Is “knowledge neuron” a coherent construct?

C1 — Falsifiability: Pass. The claim predicts: (1) causal tracing should show that early-site MLP layers are the critical path for factual recall, (2) rank-one edits to those layers should change the model’s factual outputs. Both are testable and concrete.

C2 — Structural plausibility: Partial. The “knowledge is in MLP weights” claim is plausible — MLP layers have the capacity to store key-value associations. But whether a single fact corresponds to a localized rank-one update (vs. being distributed across many parameters) is a strong structural assumption that is not independently verified.

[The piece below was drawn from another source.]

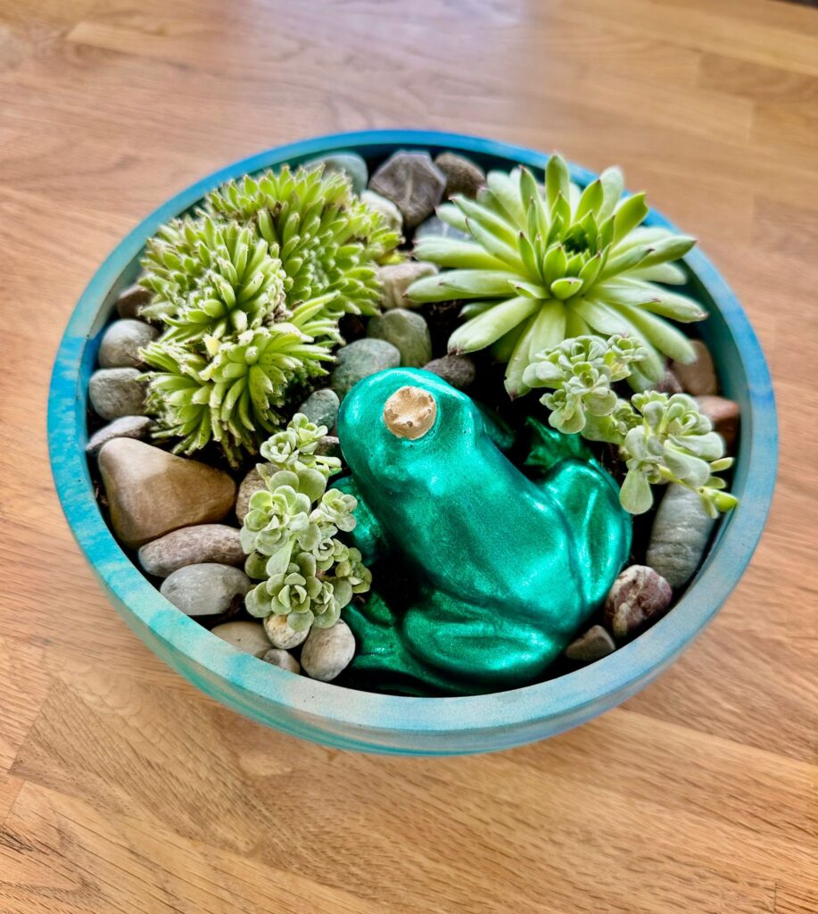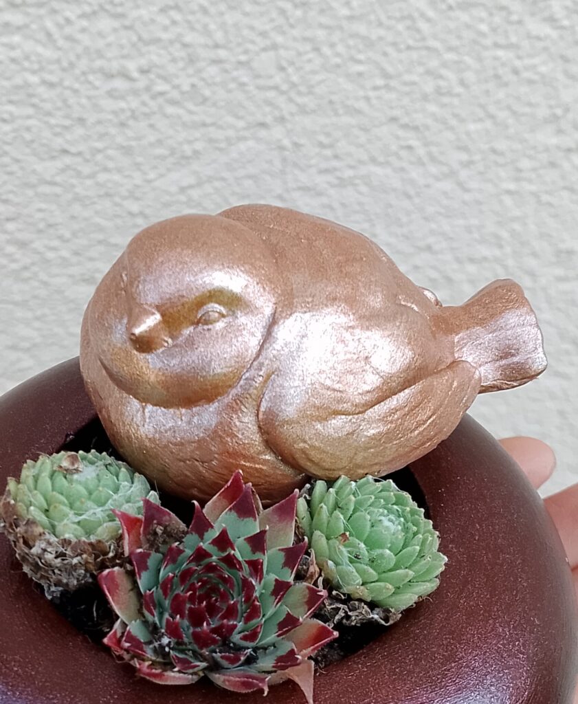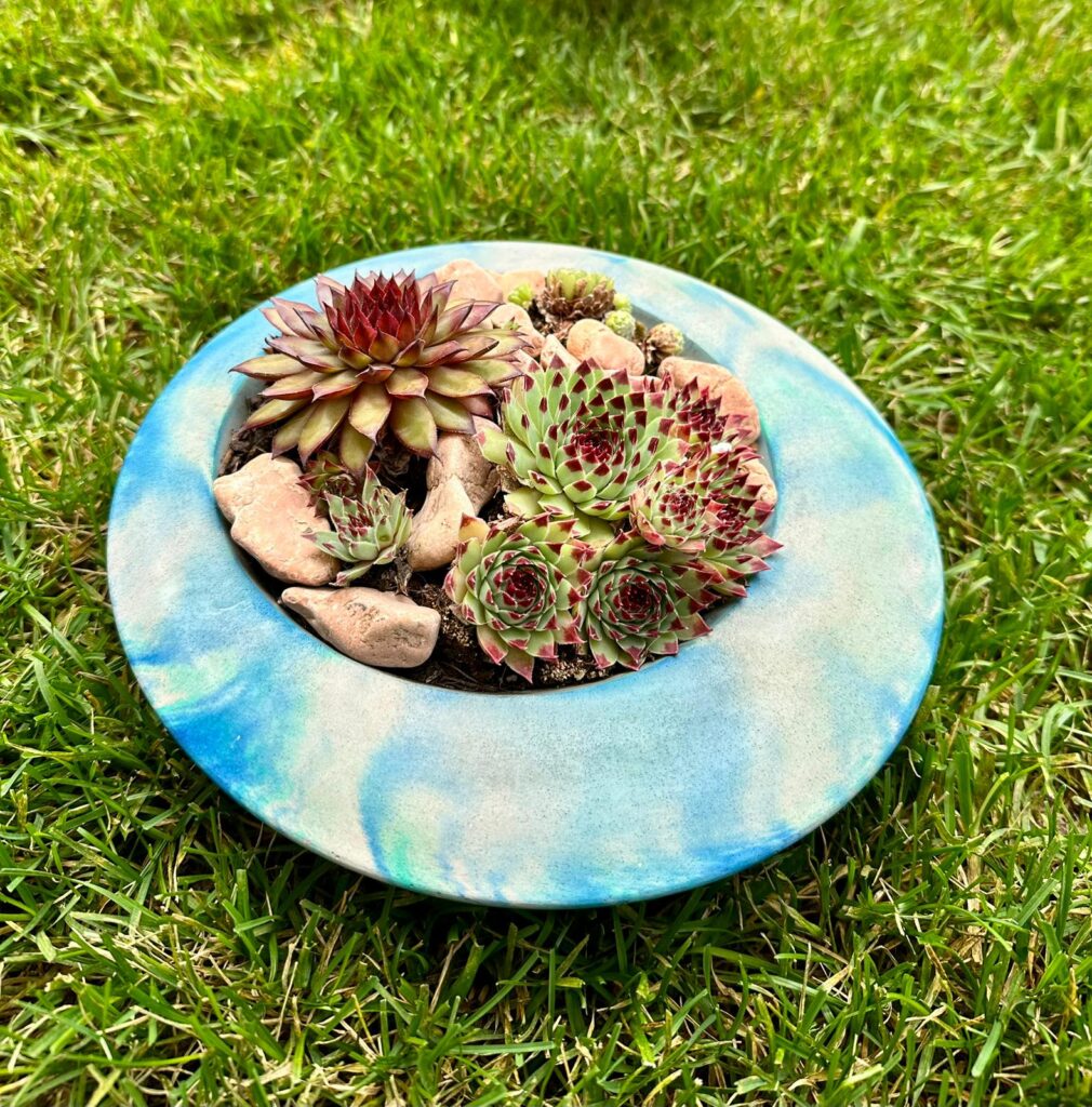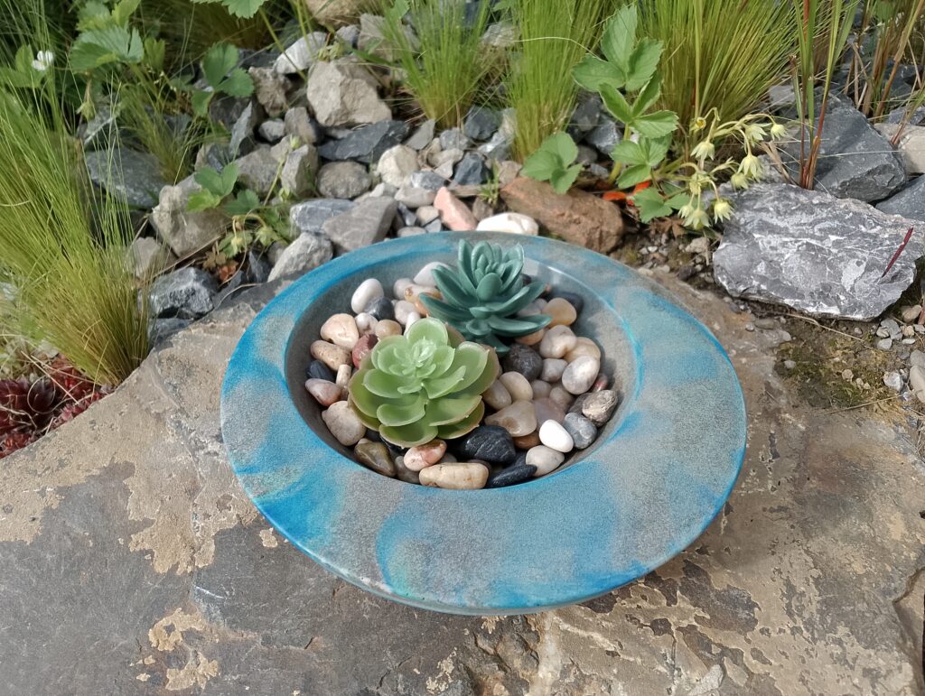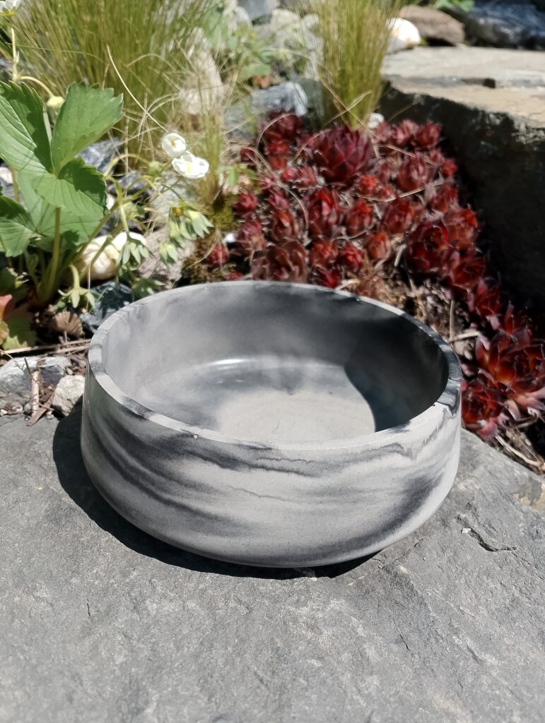 Betonschale mit Vogel & Bepflanzung & Bohrloch

C3 — Task specificity: Weak. The critical question: does editing “Eiffel Tower → Rome” affect only Eiffel Tower queries, or does it corrupt related knowledge (French landmarks, Paris facts, tower-related queries)? Subsequent work (Hoelscher-Obermaier et al. 2023, Hase et al. 2024) finds that edits often have unintended side effects — the intervention is not as specific as claimed.

C4 — Minimality: Unclear. Is one MLP layer the minimal locus, or could the fact be edited at multiple locations? MEMIT (the multi-layer extension) suggests the latter — facts may be distributed, and ROME’s single-layer assumption may be over-localizing.

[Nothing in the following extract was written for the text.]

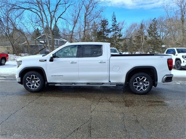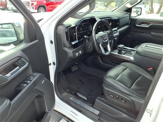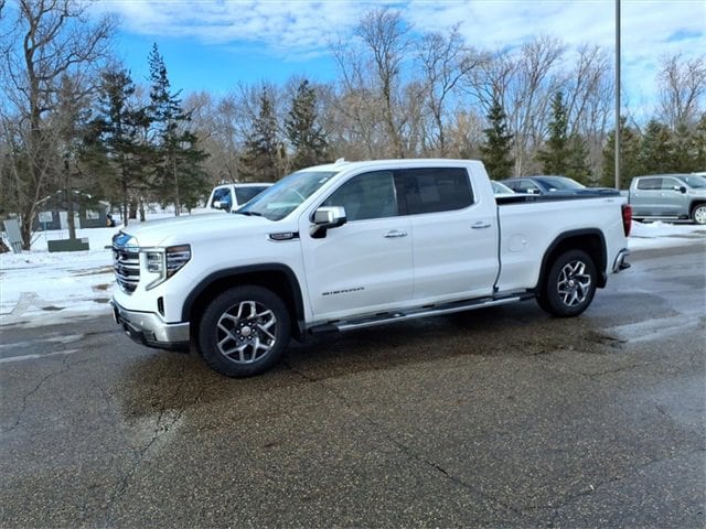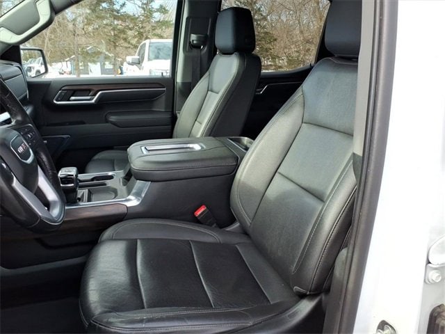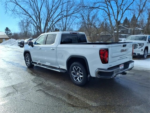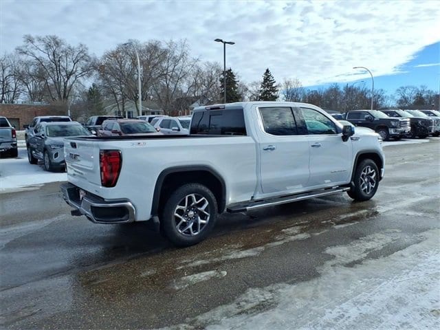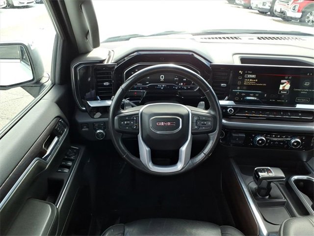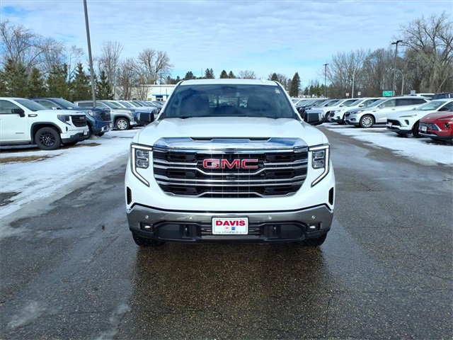 THIS SLT FEATURES A COMFORT-FOCUSED INTERIOR WITH HEATED FRONT SEATS, A HEATED LEATHER-WRAPPED STEERING WHEEL, DUAL-ZONE CLIMATE CONTROL, DRIVER SEAT AND MIRROR MEMORY, WIRELESS CHARGING, BOSE PREMIUM AUDIO, AND A LARGE 13.4 TOUCHSCREEN WITH WIRELESS APPLE CARPLAY AND ANDROID AUTO. SEATING INCLUDES A CREW CAB LAYOUT WITH FRONT BUCKET SEATS, A CENTER CONSOLE, AND A REAR 60/40 FOLDING BENCH SEAT WITH INTEGRATED STORAGE FOR PASSENGER COMFORT AND PRACTICALITY. FINISHED IN SUMMIT WHITE WITH A JET BLACK INTERIOR, THIS SIERRA ALSO OFFERS A MULTIPRO TAILGATE, CHROME ASSIST STEPS, LED EXTERIOR LIGHTING, 20 POLISHED ALUMINUM WHEELS, AND THE X31 OFF-ROAD PACKAGE FOR ADDED CAPABILITY.

C5 — Convergent validity: Partial. Causal tracing (activation patching) identifies the critical layers. ROME edits at those layers and works. But these two steps are not independent — ROME is designed to edit where causal tracing points. An independent method (probing, weight-space analysis) finding the same localization would be stronger.

  • Observable vs theoretical: “Knowledge neuron” bridges from an observable (causal tracing identifies MLP layers whose corruption disrupts recall) to a theoretical entity (a neuron that stores a fact). The gap is substantial — causal importance during processing does not entail storage. The theoretical label outruns the observable evidence.
  • Underdetermination: Two theories equally explain the causal tracing results: (1) facts are stored in MLP layers (the authors’ interpretation), and (2) MLP layers are processing bottlenecks for entity representations. Both predict that corrupting these layers disrupts recall; both predict that editing there changes outputs. The data underdetermines which interpretation is correct, and the ripple effects arguably favor interpretation (2).
  • Naming requires criteria: “Knowledge neuron” is a theoretically loaded name applied to an operationally thin finding (causal importance for factual recall). The name asserts storage, but the evidence only shows processing relevance. A more operationally grounded name like “fact-critical MLP unit” would better match the evidence without presupposing a storage mechanism.

The knowledge neuron / ROME framework connects to:

  • Causal tracing — corrupting identified MLP layers degrades factual recall (causal, confirmed)
  • Edit success — rank-one updates at those layers change target outputs (causal, confirmed)
  • Ripple effects — edits corrupt related knowledge (observed, documented by follow-up work)
  • Multi-layer distribution — MEMIT’s success suggests facts are not purely localized (structural, partially confirmed)
  • Independent localization — probing or weight-space analysis finding the same layers without causal tracing guidance (untested)
  • Cross-fact consistency — does the “storage location” follow a predictable pattern across facts? (partially tested, results variable)
  • Alternative explanation — MLP layers as entity-processing bottlenecks rather than fact storage (untested as a formal alternative)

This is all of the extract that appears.